**Input data**:
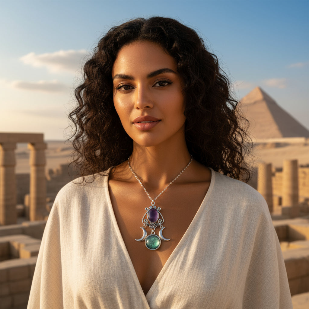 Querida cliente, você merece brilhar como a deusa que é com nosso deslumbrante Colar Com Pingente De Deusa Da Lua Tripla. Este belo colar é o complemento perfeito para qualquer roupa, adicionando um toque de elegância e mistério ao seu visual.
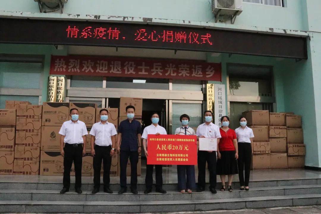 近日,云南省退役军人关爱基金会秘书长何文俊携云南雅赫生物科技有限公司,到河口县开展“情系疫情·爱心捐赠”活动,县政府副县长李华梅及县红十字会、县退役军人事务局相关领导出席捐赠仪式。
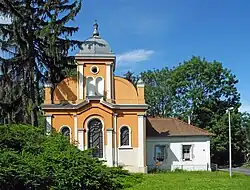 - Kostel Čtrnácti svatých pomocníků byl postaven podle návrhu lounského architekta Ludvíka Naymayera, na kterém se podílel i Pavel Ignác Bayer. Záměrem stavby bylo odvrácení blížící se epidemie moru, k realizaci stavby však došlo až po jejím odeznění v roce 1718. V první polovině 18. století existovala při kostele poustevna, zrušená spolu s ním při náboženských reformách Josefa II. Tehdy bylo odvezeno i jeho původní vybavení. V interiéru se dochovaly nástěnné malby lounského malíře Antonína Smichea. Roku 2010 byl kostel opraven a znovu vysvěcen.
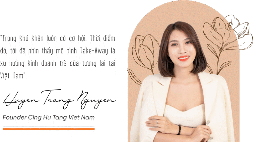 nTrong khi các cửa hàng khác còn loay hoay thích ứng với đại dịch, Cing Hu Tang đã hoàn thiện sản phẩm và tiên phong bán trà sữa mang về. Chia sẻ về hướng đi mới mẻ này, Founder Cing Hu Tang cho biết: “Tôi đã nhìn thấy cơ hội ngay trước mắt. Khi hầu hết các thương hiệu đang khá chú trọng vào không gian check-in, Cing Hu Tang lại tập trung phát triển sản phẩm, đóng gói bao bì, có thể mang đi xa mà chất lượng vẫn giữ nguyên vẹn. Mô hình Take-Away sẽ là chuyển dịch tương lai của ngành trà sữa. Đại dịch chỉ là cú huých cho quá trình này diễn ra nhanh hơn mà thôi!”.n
...
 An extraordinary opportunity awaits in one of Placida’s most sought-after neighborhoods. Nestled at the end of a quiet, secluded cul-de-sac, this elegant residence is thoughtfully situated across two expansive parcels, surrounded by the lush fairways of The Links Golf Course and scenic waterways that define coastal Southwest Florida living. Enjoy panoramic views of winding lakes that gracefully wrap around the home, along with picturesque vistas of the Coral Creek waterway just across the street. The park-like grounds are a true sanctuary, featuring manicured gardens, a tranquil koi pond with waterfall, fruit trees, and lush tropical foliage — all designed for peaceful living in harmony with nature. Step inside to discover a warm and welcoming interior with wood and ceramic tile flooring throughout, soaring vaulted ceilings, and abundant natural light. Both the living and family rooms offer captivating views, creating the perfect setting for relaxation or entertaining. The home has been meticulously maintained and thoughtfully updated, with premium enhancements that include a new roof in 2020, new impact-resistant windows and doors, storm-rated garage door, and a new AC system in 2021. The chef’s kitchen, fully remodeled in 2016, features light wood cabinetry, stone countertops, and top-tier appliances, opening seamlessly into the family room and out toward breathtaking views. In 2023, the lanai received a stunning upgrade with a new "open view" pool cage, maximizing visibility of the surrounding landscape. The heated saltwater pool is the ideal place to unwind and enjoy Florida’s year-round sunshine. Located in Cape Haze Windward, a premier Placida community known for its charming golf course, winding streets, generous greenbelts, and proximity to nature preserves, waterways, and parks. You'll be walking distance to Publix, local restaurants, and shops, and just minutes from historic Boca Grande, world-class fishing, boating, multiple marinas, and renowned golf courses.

**Task goal**: In the entries above, find the line with "Querida cliente, você" and the line with "近日,云南省退役军人关爱基金". Write out exactly those two lines and every line between them, pictures excluded.

**Reply**:
 Querida cliente, você merece brilhar como a deusa que é com nosso deslumbrante Colar Com Pingente De Deusa Da Lua Tripla. Este belo colar é o complemento perfeito para qualquer roupa, adicionando um toque de elegância e mistério ao seu visual.
 近日,云南省退役军人关爱基金会秘书长何文俊携云南雅赫生物科技有限公司,到河口县开展“情系疫情·爱心捐赠”活动,县政府副县长李华梅及县红十字会、县退役军人事务局相关领导出席捐赠仪式。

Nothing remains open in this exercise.